====== Exercise material ======

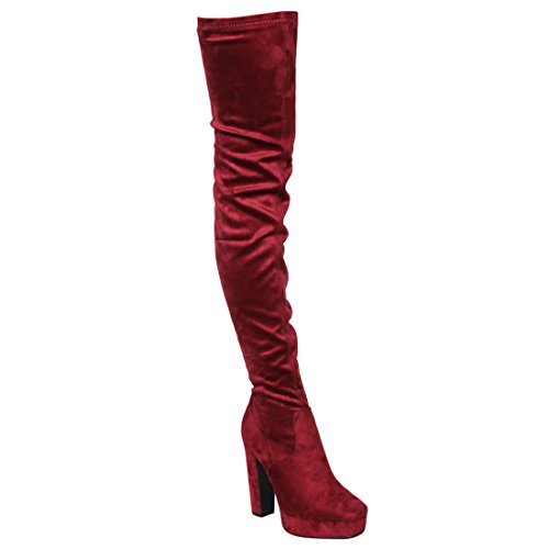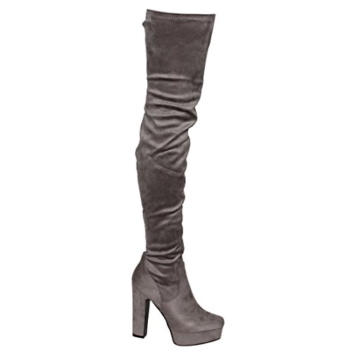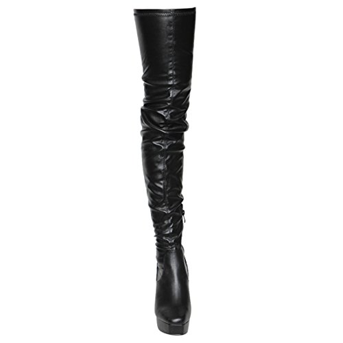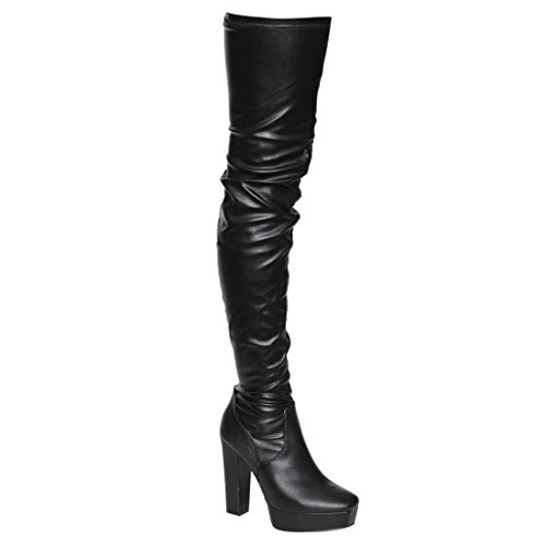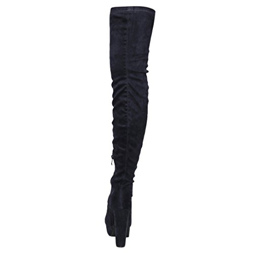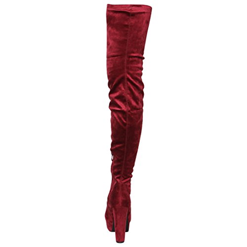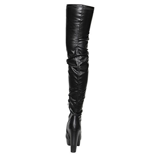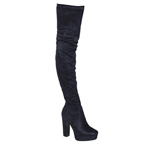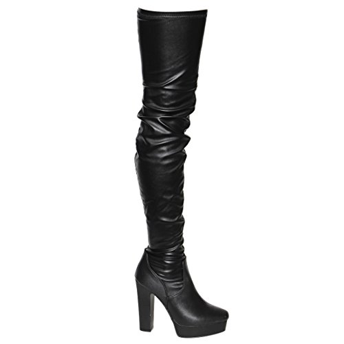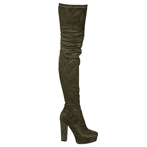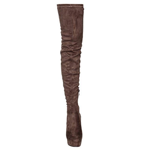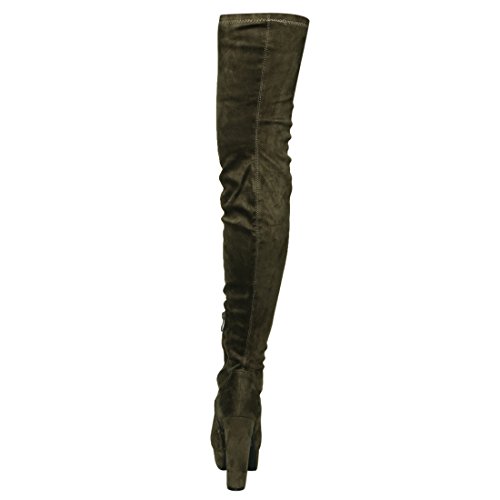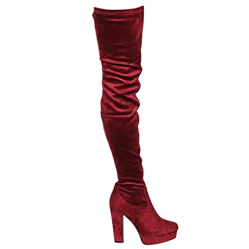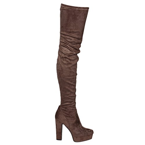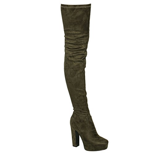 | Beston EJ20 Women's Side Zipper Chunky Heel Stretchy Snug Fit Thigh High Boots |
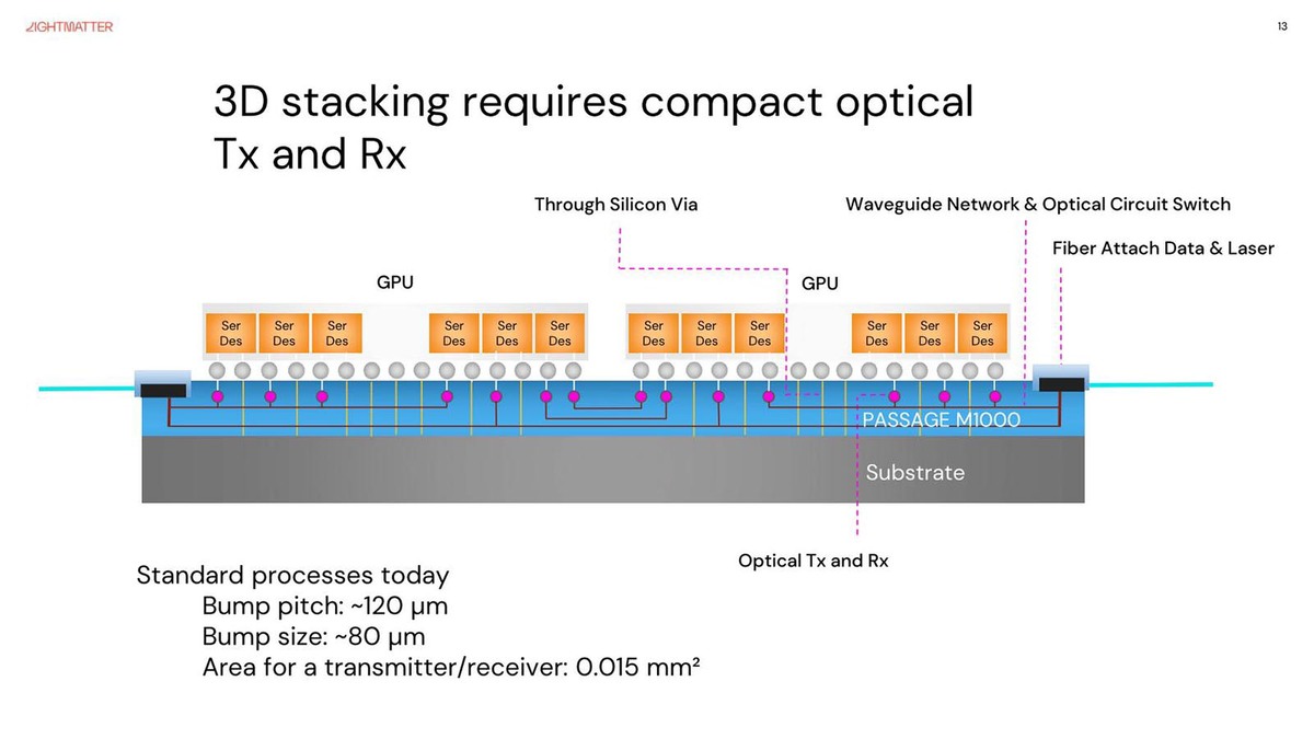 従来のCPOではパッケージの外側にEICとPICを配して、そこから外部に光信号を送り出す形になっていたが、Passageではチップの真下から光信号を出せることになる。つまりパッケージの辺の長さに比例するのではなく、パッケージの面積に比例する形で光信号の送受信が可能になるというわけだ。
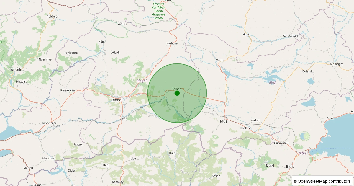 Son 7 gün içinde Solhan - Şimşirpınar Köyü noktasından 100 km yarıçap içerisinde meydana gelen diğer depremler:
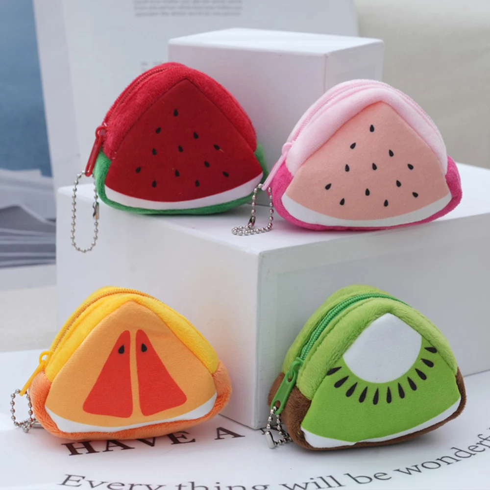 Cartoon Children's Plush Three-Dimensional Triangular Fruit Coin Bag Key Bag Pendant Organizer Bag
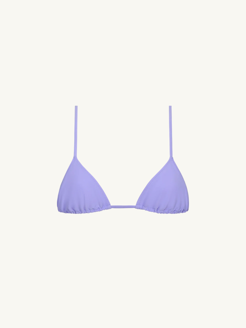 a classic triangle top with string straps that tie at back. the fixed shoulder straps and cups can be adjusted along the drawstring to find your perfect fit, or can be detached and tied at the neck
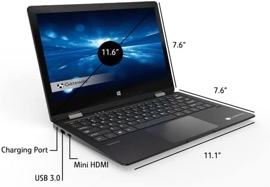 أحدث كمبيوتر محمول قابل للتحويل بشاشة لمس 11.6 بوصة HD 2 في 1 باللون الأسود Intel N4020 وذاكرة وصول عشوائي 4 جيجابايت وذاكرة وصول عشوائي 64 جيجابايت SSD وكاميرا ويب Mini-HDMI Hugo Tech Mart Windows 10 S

======
====== Exercise material ======

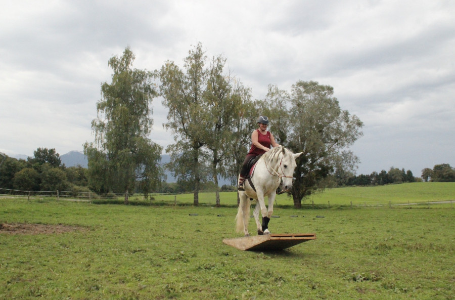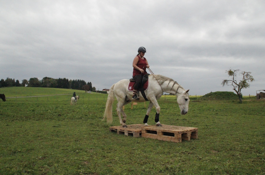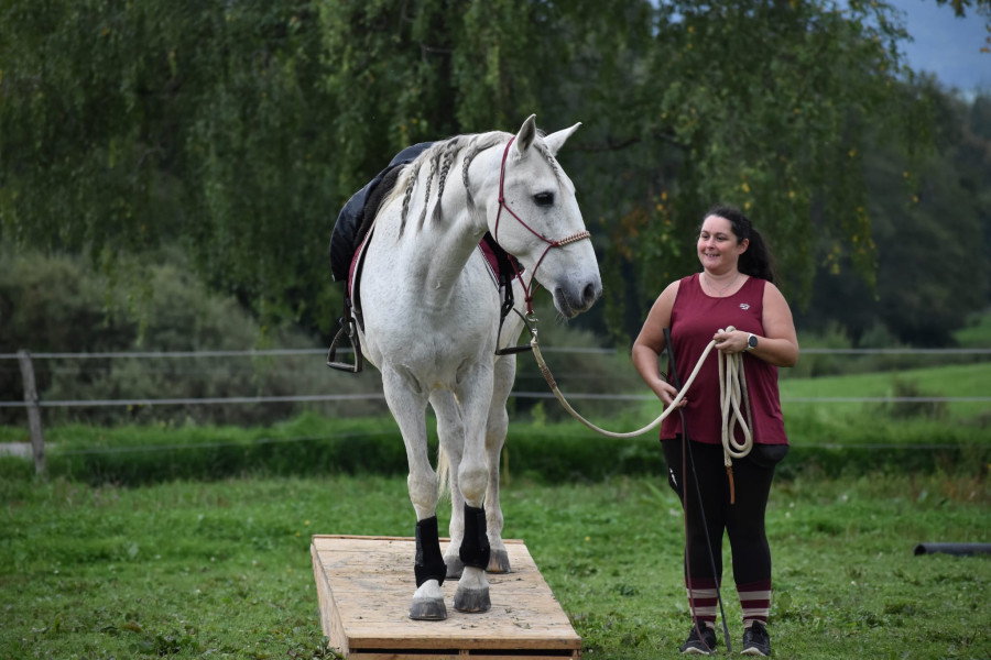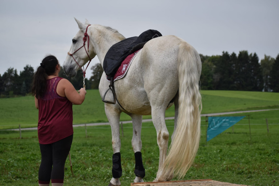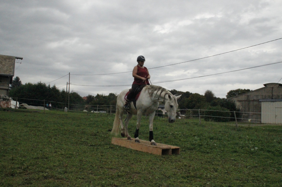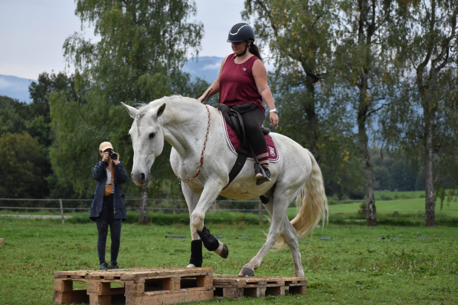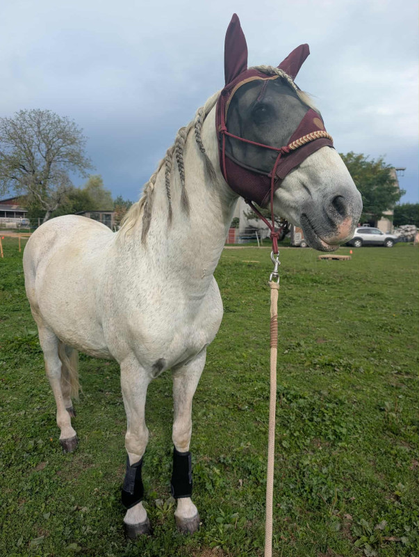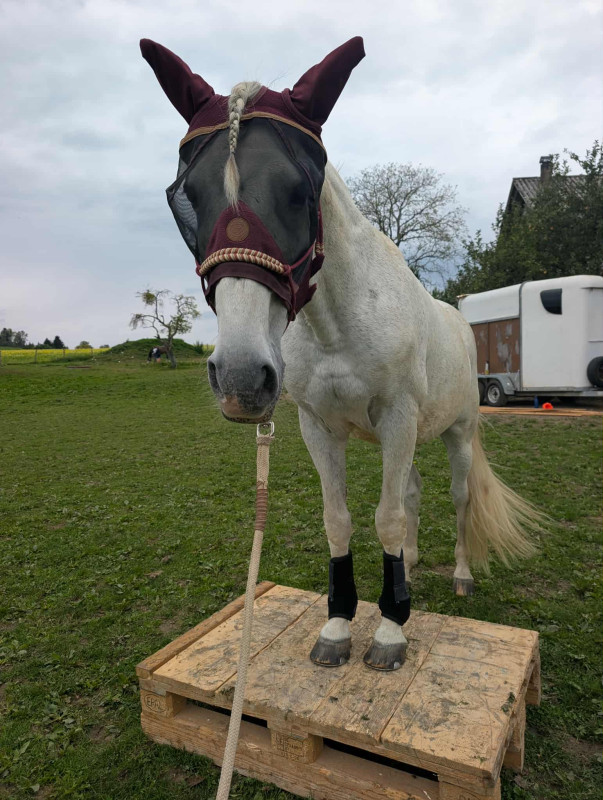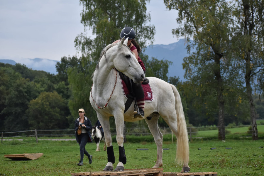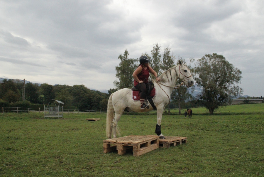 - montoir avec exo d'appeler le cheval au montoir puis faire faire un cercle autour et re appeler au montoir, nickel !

======
====== Exercise material ======

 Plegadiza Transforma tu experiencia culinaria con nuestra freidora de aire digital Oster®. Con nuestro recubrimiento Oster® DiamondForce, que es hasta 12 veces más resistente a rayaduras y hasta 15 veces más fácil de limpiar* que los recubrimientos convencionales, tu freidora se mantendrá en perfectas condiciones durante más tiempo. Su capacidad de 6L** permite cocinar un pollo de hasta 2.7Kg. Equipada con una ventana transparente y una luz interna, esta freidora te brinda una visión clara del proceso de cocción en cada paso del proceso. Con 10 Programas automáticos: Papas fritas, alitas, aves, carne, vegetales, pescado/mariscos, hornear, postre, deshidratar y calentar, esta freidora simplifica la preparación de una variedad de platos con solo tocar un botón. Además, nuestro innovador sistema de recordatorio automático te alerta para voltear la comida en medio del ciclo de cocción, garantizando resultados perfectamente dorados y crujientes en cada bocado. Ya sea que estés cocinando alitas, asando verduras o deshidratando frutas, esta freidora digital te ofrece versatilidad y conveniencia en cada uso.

======

Task item
Range to copy from the listing above: the line with "従来のCPOではパッケージの" through the line with "أحدث كمبيوتر محمول". Transcribe it exactly and skip the pictures.

Reply to the exercise
 従来のCPOではパッケージの外側にEICとPICを配して、そこから外部に光信号を送り出す形になっていたが、Passageではチップの真下から光信号を出せることになる。つまりパッケージの辺の長さに比例するのではなく、パッケージの面積に比例する形で光信号の送受信が可能になるというわけだ。
 Son 7 gün içinde Solhan - Şimşirpınar Köyü noktasından 100 km yarıçap içerisinde meydana gelen diğer depremler:
 Cartoon Children's Plush Three-Dimensional Triangular Fruit Coin Bag Key Bag Pendant Organizer Bag
 a classic triangle top with string straps that tie at back. the fixed shoulder straps and cups can be adjusted along the drawstring to find your perfect fit, or can be detached and tied at the neck
 أحدث كمبيوتر محمول قابل للتحويل بشاشة لمس 11.6 بوصة HD 2 في 1 باللون الأسود Intel N4020 وذاكرة وصول عشوائي 4 جيجابايت وذاكرة وصول عشوائي 64 جيجابايت SSD وكاميرا ويب Mini-HDMI Hugo Tech Mart Windows 10 S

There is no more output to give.